This week was spent almost entirely on the VC5 QPU instruction scheduler. This is what packs together the ADD and MUL instruction components and the signal flags (LDUNIF, LDVPM, LDTMU, THRSW, etc.) into the final sequence of 64-bit instructions.
I based it on the VC4 scheduler, which in turn is based on i965’s. Being the 5th of these I’ve worked on, it would sure be nice if it felt like less copy and paste, but it’s almost all very machine-dependent code and I haven’t come up with a way to reduce the duplication.
The initial results are great:
instructions in affected programs: 116269 -> 71677 (-38.35%)
but I’ve still got a handful of regressions to fix.

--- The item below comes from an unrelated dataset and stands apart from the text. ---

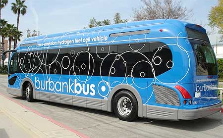 But, now many years later, Burbank is cleaning up its image by enlisting the help of two hydrogen fuel cell zero emissions transit buses. The buses are made by Proterra and contain both a fuel cell and a bank of lithium titanate batteries, making them hybrid buses.

Next up for scheduling is to fill the thrsw and branch delay slots. I also need to pack more than 2 things into one QPU instruction – right we pick two of ADD, MUL, LDUNIF, and LDVPM, but we could do an ADD, MUL, LDVPM, and LDUNIF all together. That should be a small change from here.
Other bits this week:
- Fixed a leak of the EDID data from the HDMI connector (~256 bytes per xrandr -q invocation)
- Reviewed modifier blob support from daniels for better atomic-modesetting weston on vc4
- Pushed the RCL walk order DRM support.
- Reworked patches for turning on vc4 NEON support in Raspbian builds, to fix Android builds.